Nevertheless, AVGs are associated with more complications, mostly related to clotting and a higher incidence of infection compared with AVFs.
It is also speculated that prosthetic grafts in dialysis patients are associated with higher inflammatory responses. In our own ongoing investigations, we have been unable to confirm that (unpublished).
When an AVF Isn't Possible
While an arteriovenous fistula is the clear choice for almost all patients needing vascular access, a significant number of them are unable to get one because of poor veins or other factors. What is the best vascular choice in these patients?
CVCs have the advantage of ease of placement, but their complication rate is unacceptably high, so AVGs should be used instead. It is also believed that an AVG should be placed only five to six weeks before the anticipated initiation of dialysis because of shortened and limited patency compared with an AVF, but prospective studies are needed to ascertain optimal timing of graft placement.
Optimizing AVF Use
When an AVF is possible, on the other hand, it should be placed well before the anticipated start of dialysis, as about two months will be required for it to fully mature in most patients.
As a fistula will remain patent for a long time if properly done, it can be placed earlier than an AVG, probably when dialysis is anticipated to be required in six months.

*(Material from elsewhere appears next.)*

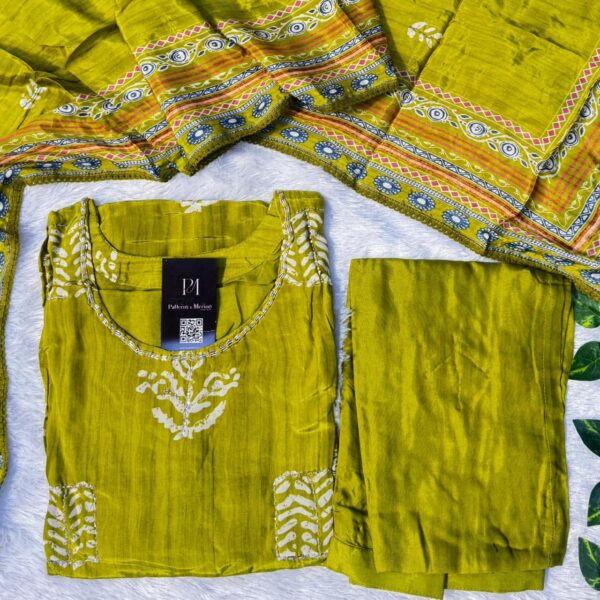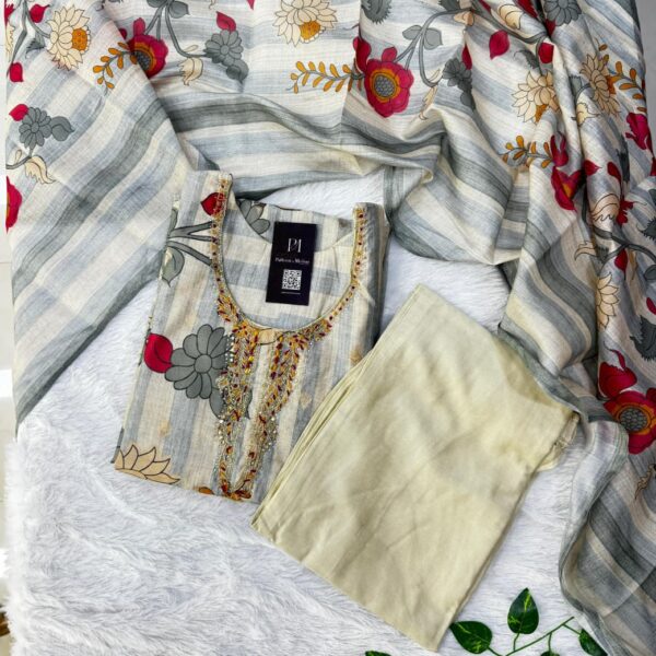 ₹1,899.00Original price was: ₹1,899.00.₹1,595.00Current price is: ₹1,595.00.Pure muslin Detailing Embroidered kurta set

In anticipating dialysis initiation, one should be guided by the progression of renal failure rather than any particular glomerular filtration rate (GFR). Patients progress at different rates, and a few may never require renal replacement therapy.
Most CKD patients are treated by a primary care physician, and educating these physicians about early referral to a nephrologist is crucial to success. A large majority of patients continue to be referred to a nephrologist within one month or less of requiring dialysis, and, under those circumstances, the only option may be to start treatment with a catheter. As discussed earlier, that is one factor behind the rate of catheter use.

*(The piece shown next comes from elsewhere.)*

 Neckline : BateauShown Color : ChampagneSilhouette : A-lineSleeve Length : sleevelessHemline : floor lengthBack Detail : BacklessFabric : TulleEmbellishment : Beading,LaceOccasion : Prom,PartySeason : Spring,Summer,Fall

Internists and primary care physicians should be assured that early referral to a nephrologist does not mean loss of the patient but rather the opportunity to have a joint strategy for optimal treatment.
Also, the preservation of a fistula or graft is crucial. The National Kidney Foundation Kidney Disease Outcomes Quality Initiative (NKF KDOQI) Clinical Practice Guidelines for Vascular Access beautifully suggest that the access examination take place in three steps: look, touch, and listen.

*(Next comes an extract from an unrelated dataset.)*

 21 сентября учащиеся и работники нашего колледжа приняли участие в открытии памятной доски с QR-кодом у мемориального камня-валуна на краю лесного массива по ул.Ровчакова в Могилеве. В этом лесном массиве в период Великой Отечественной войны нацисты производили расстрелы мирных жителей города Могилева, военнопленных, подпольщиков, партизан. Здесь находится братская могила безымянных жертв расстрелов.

This recommendation should be followed at every unit for every single patient before dialysis is initiated. Its importance should be emphasized to members of the dialysis staff, and training should be provided.
The guidelines also recommend periodic surveillance of the access by techniques such as Doppler ultrasound, ultrasound dilution, and in-line dialysance. These techniques are probably useful in anticipating the problems that may occur in the near future so a preemptive correction can be made, but a recent meta-analysis and systematic review failed to show a clear advantage for any one technique over the others.5
Vascular access is vital to the well-being of a hemodialysis patient. It requires early coordination between primary care physicians and nephrologists and, once a patient is on dialysis, a well-coordinated and proactive approach to the surveillance and preservation of access. A dedicated dialysis team should work in close cooperation with vascular surgeons and interventional radiologists or interventional nephrologists.